Today's keynote, earlier this morning, from the i3 conference at RGU in Aberdeen. was Amy Sippitt (Research and Impact Manager, Full Fact)
Sippitt started by talking about how a false statistic about the percentage of people aged under 18 who were engaged in knife crime, and how this overestimate (roughly doubling) led in the end to a law being introduced. There were lots of opportunities for the office of national statistics or government departments to correct the statistic, but they did not. This false information had serious consequences.
Full Fact started in 2010, inspired by a fact checking organisation in the USA. However, they felt that fact checking on its own would not work. They therefore adopt a carrot and stick approach, involving, for example, working with organisations to help prevent false information being disseminated, and (the “stick”) pressuring for correction. Incorrect information may be sometimes a result of the unhelpful presentation of statistics etc. in, for example, national statistics. They have found responses to these pressuring have improved from months to hours, due to Full Fact’s persistent work.

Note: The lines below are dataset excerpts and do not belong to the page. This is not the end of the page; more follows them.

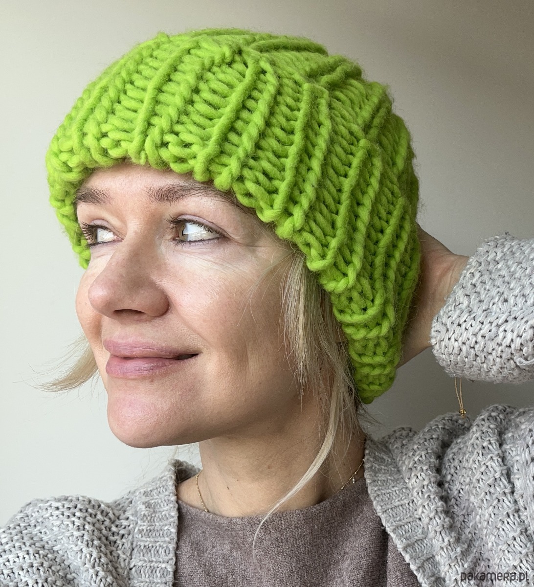 Zrobiona przeze mnie na drutach z bardzo grubej włóczki (mieszanka akrylu i wełny) czapka.
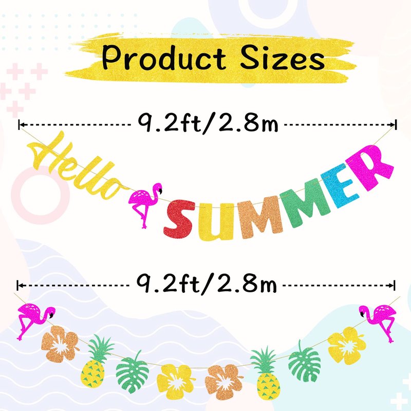 - The hello summer decorations come with 1pc pre-strung hello summer banner in two separate strands, colorful hello summer banner with flamingo, with Hawaiian tropical theme garland, it will leave a deep impression to you and your guests.
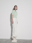 Women's Mint Green V Neck Short Sleeves Lyocell Knit Top
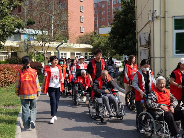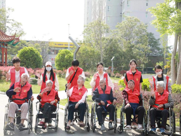 用青春搀扶夕阳,用爱拥抱世界。活动开始前,志愿者们将老人们推到残联公园,在春意盎然的风景中开展本次志愿活动。
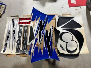 Set de adhesivos para Derbi GPR 50R en color azul, modelo de 1998. - Incluye varios diseños y logos de la marca. - Diseñados para la carrocería de la moto.
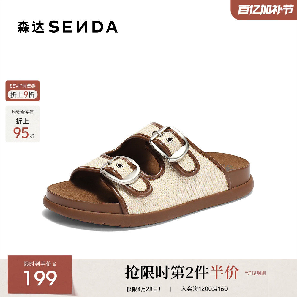 森达全包勃肯鞋厚底春季新款女鞋商场同款超火绝美一脚蹬外穿拖鞋
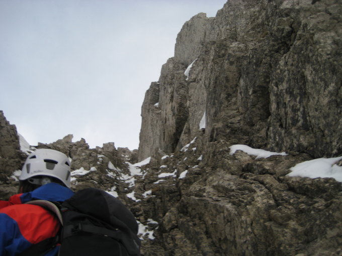 Nun ist die beschriebene "Heimatliebe" gefragt. Wühlpassagen im Schnee machen einem das Leben a bissl schwer. Die M 3 Passage ist fast Schnee und Eisfrei und kaum abzusichern. Wir sind die "Entlausungs-Ausstieg Variante" nach rechts hinaus zur Schulter gegangen. Auch hier nur noch Wühlschnee.
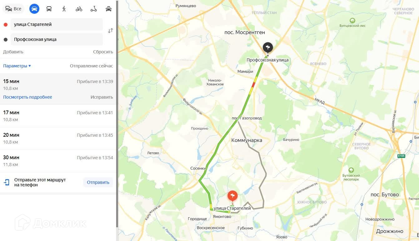 - м. Коммунарка находится в 25мин пешком;
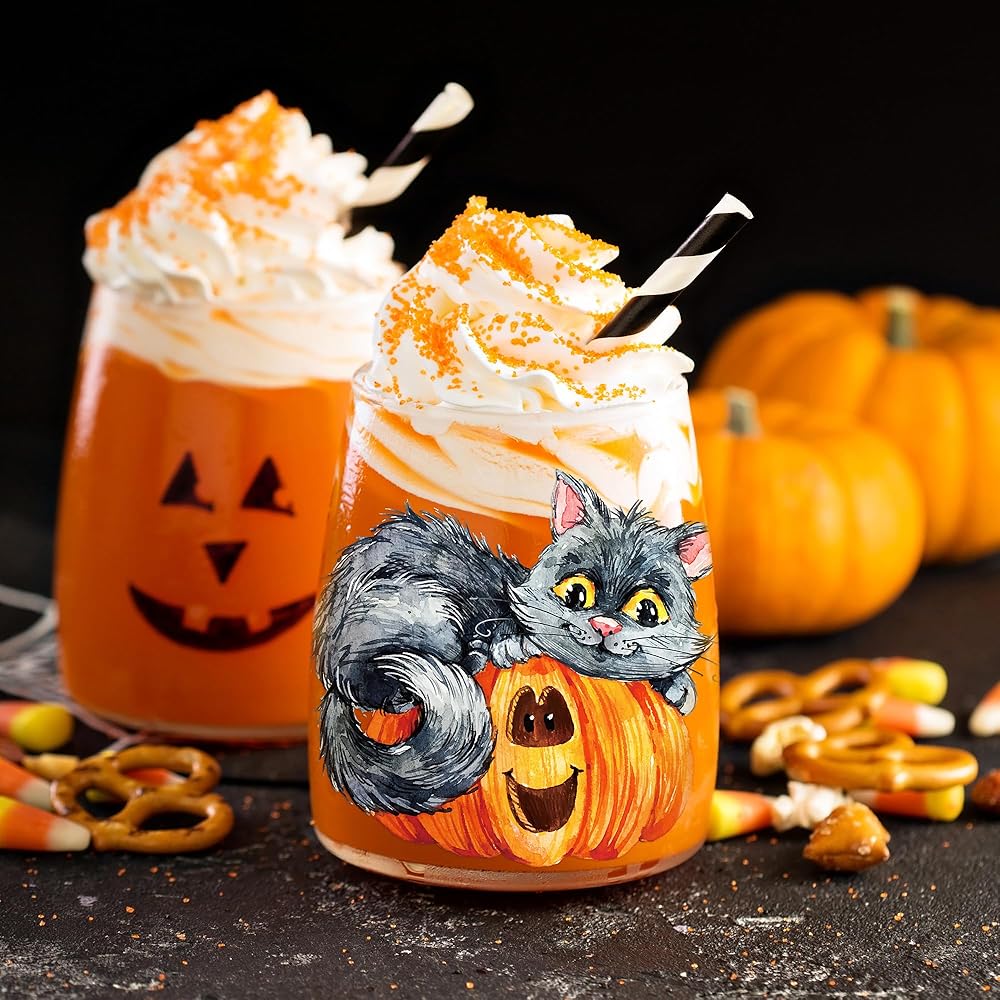 AFRITEE Transfer Cup Wraps Stickers - 20 Sheets Halloween Uvdtf Cup Wraps for 16 Glass Coffee Cups, Crow Scarecrow Pumpkin Skull Rub on Transfer Stickers Decal for Furniture Halloween Decoration
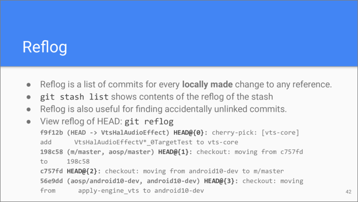 To answer the question, we introduce another powerful tool of Git—the Reflog. Speaking in terms of building blocks, this is just a list of commit hashes. The power comes from the fact that Git adds a node to this list every time any local reference changes. This includes HEAD, branch references, and Stash.
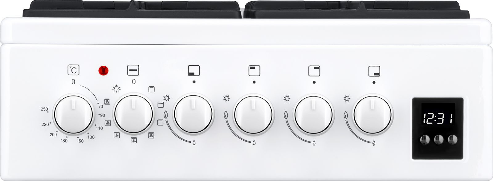 Гриль, Гриль с конвекцией, Предварительный нагрев, Обычный режим, Обычный режим с конвекцией, Холодная конвекция, Режим нижнего ТЭНа с конвекцией, Предварительный нагрев с конвекцией, Освещение жарочного шкафа
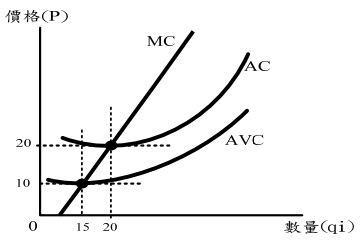 (其中q i 為個別廠商的產量)。每一家個別廠商的平均成本(AC)、 變動成本(AVC)及邊際成本(MC)的圖形如下圖。此一完全競爭廠商所生產的商品,潛在需求者非常眾多,每一位潛在需求者的需求函數為
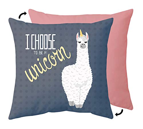 Kudde Lama – "I Choose to be a Unicorn", framsida med motiv, enfärgad baksida, ca 40 x 40 cm, blå/aprikos
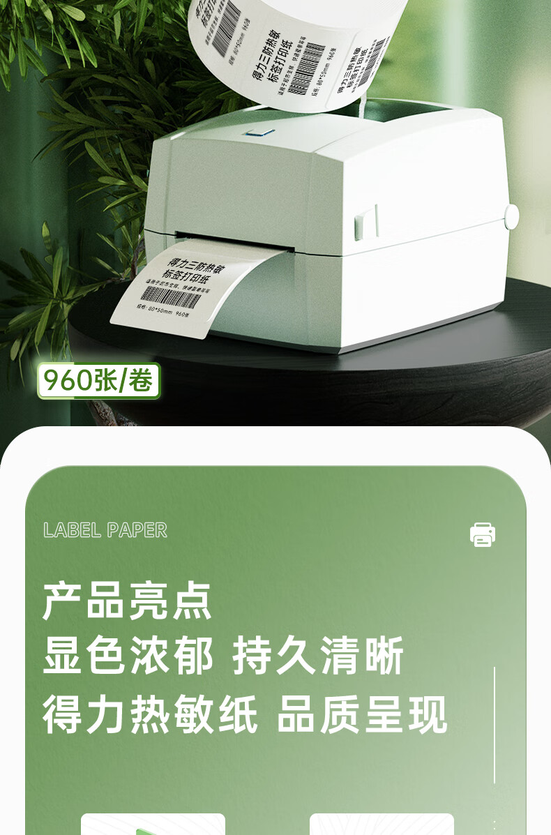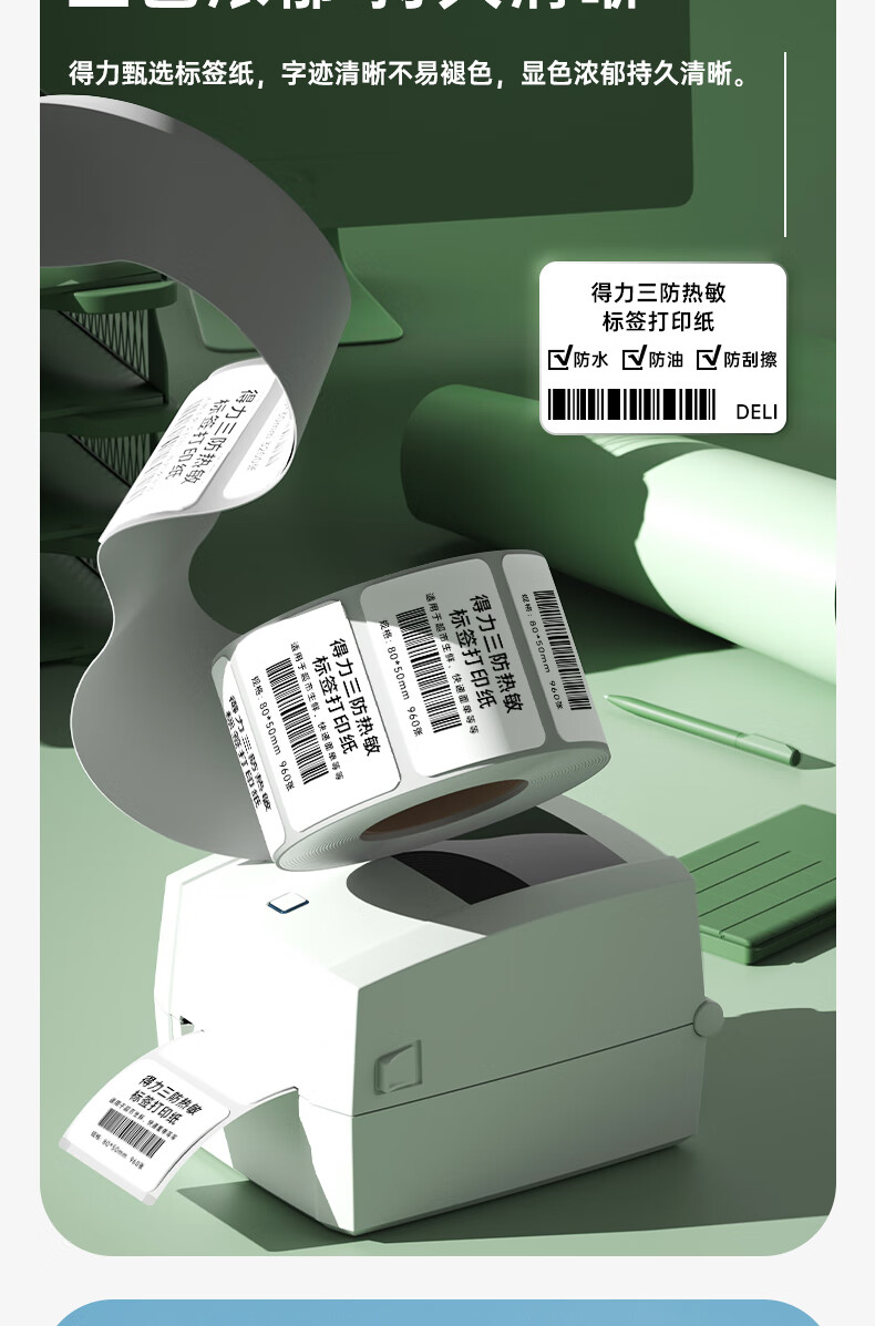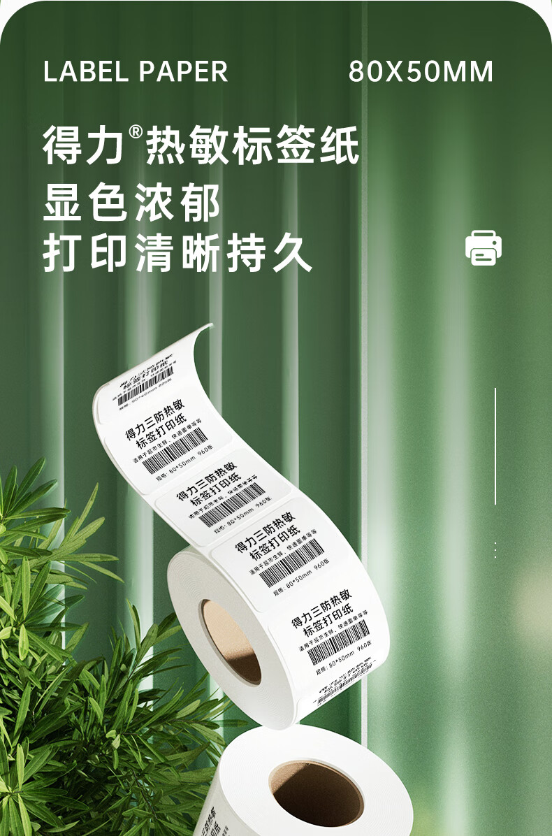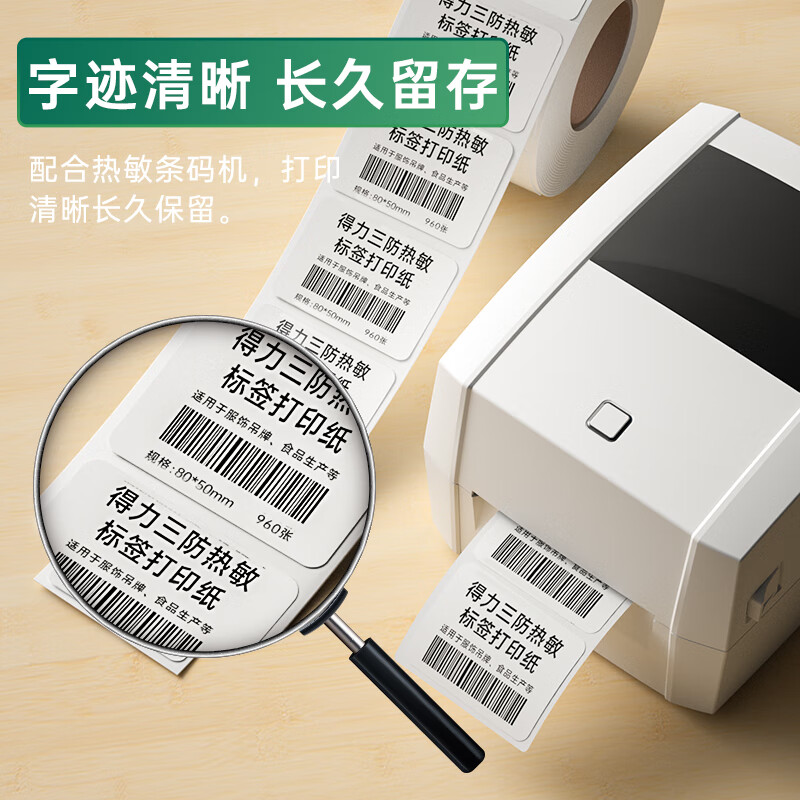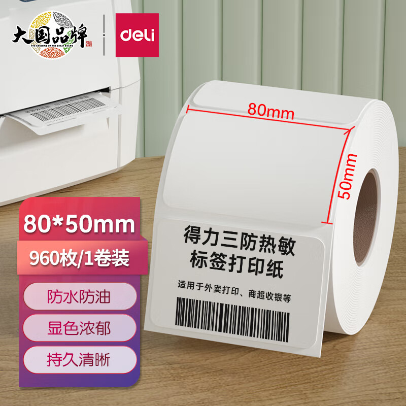 得力(deli)80*50mm三防热敏标签打印纸 电子面单标签不干胶打印纸电子称条码纸960张*1卷 三防升级款12007

Sippitt described their reaction to the surprise announcement of the UK 2017 general election: to get out out high quality fact checks, work with partners in getting out correct information, and strategic interventions in areas that had been problematic in the past. They have lobbied for changes to the purdah rules that restrict information given out by the government during an election period, as this can also be a barrier to disseminating correcting information. Full Fact reacted to key stories where facts would correct/ illuminate issues (e.g. “the dementia tax”) and paid attention to the places where people get their news, notably social media. They found that graphics were more effective than videos in conveying information.
For a key TV debate they were based in the studio, tweeting and blogging to provide a factual commentary. They have developed a fact checking tool which also enabled them to generate informative tweets very quickly to respond to things under discussion.
The number of fact checking organisations has grown, throughout the world. Sippitt felt that they were relatively lucky in the U.K., since they have access to officials and official sources, whereas in other countries the fact checkers may have less access and cannot have the same relationship with official organisations.
Full Fact would like to know more about the people i.e. the general population, who they want to influence. There is research evidence that people are misinformed about some issues, that people don't trust politicians, and may end up choosing between total faith and total cynicism.
Sippitt went on to list some research questions they would like to investigate. At the moment there was research whether we change our minds, but there were a lot of research gaps. A lot of the research was carried out in North America, which obviously may not transfer to other countries and cultures.
They wanted more research on: how Full Fact can best communicate; how Full Fact can demonstrate their credibility; how people consume information e.g. what makes people share their work, why do people get interested in fact checking, how can they reach people who are not currently interested; Full Fact’s impact on the people they fact check e.g. are they changing their behaviour.